10. Ayant constaté que la commission de surendettement avait validé la mesure consistant en un effacement total des dettes à effet du 10 mai 2019, énoncé que l’effacement visait la totalité des dettes, qu’elles aient été ou non déclarées à la procédure, et retenu, par motifs adoptés, que la dette objet de la condamnation était née antérieurement à cette date et était arrêtée au 10 mai 2019, indépendamment de la date à laquelle la juridiction avait rendu sa décision relativement à cette créance, c’est sans encourir les griefs du moyen que la cour d’appel a statué comme elle l’a fait.
Sur le moyen, pris en sa sixième branche
11. Le [1] fait le même grief à l’arrêt, alors « que l’effacement des dettes du débiteur résultant du rétablissement personnel de ce dernier suppose l’absence de contestation de la décision en ce sens de la commission de surendettement ; qu’en l’espèce, le [1] faisait valoir que sa créance à l’égard de Mme [N], au titre de ses obligations d’associée de la SCI [2], ne figurait pas dans la liste des dettes de Mme [N] annexée à la décision de la commission de surendettement du 12 juillet 2019 ; qu’en se bornant à retenir que la décision de validation prise par la commission de surendettement le 12 juillet 2019 mentionnait au titre des observations importantes de la motivation de cette mesure, que Mme [B] [N] doit vendre les parts de la SCI [2] dont elle est propriétaire à hauteur de 70 %, pour en déduire que la banque aurait dû exercer un recours contre cette décision afin de préserver ses droits, la cour d’appel, qui a statué par des motifs impropres à établir que le [1] avait été informé que sa créance sur Mme [N], issue du jugement rendu le 3 juillet 2019 par le tribunal de grande instance de Lorient, avait été effacée par la décision de rétablissement personnel de la débitrice, et que la banque avait ainsi été mise en mesure d’exercer un recours contre cette décision, la cour d’appel a violé les articles L. 741-2 et L. 741-4 du code de la consommation, ensemble l’article L. 311-2 du code des procédures civiles d’exécution, et l’article 6 § 1 de la Convention européenne des droits de l’Homme. »
Réponse de la Cour
12. Ayant constaté que le [1] ne contestait pas la régularité de la procédure tenant à son information et de ses possibilités de recours, tant au stade de l’orientation pressentie du dossier de Mme [N] qu’au moment de la décision de cette même commission imposant la mesure de rétablissement personnel, et énoncé que c’est à défaut de contestation que la commission de surendettement a validé la mesures consistant en un effacement total de ses dettes à effet du 10 mai 2019, la cour d’appel, qui n’était pas tenue d’effectuer la recherche invoquée par le moyen, que ses constatations rendaient inopérantes, et qui n’a pas méconnu le droit du créancier à un recours effectif, a légalement justifié sa décision.
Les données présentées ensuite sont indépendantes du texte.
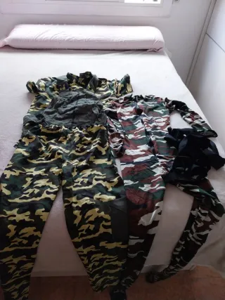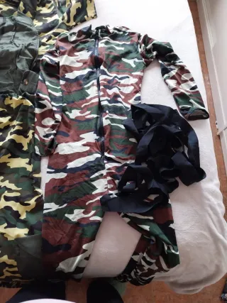 Conjunto de disfraz militar con estampado de camuflaje Talla mujer L Talla hombre S (es grande) LOS DOS DISFRACES 15 eur - Diseño de camuflaje en tonos verdes y marrones. - Talla única adaptable.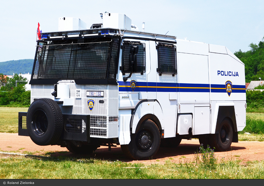 Anfangen wollen wir mit einem Foto unseres Users Roland Zielonka. Er bekam diesen kroatischen Wasserwerferkraftwagen (WaWe) der Interventionseinheit der Polizei (Interventna jedinica policije) auf einem Actros 2032 AK mit Rosenbauer Aufbau vor die Linse. Stationiert ist das Fahrzeug in der Hauptstadt Zagreb.

13. Le moyen n’est, dès lors, pas fondé.
PAR CES MOTIFS, la Cour :
REJETTE le pourvoi ;
Condamne la Caisse de [1] de [Localité 1] aux dépens ;
En application de l’article 700 du code de procédure civile, rejette la demande ;
Ainsi fait et jugé par la Cour de cassation, deuxième chambre civile, et prononcé publiquement le vingt-six mars deux mille vingt-six par mise à disposition de l’arrêt au greffe de la Cour, les parties ayant été préalablement avisées dans les conditions prévues au deuxième alinéa de l’article 450 du code de procédure civile.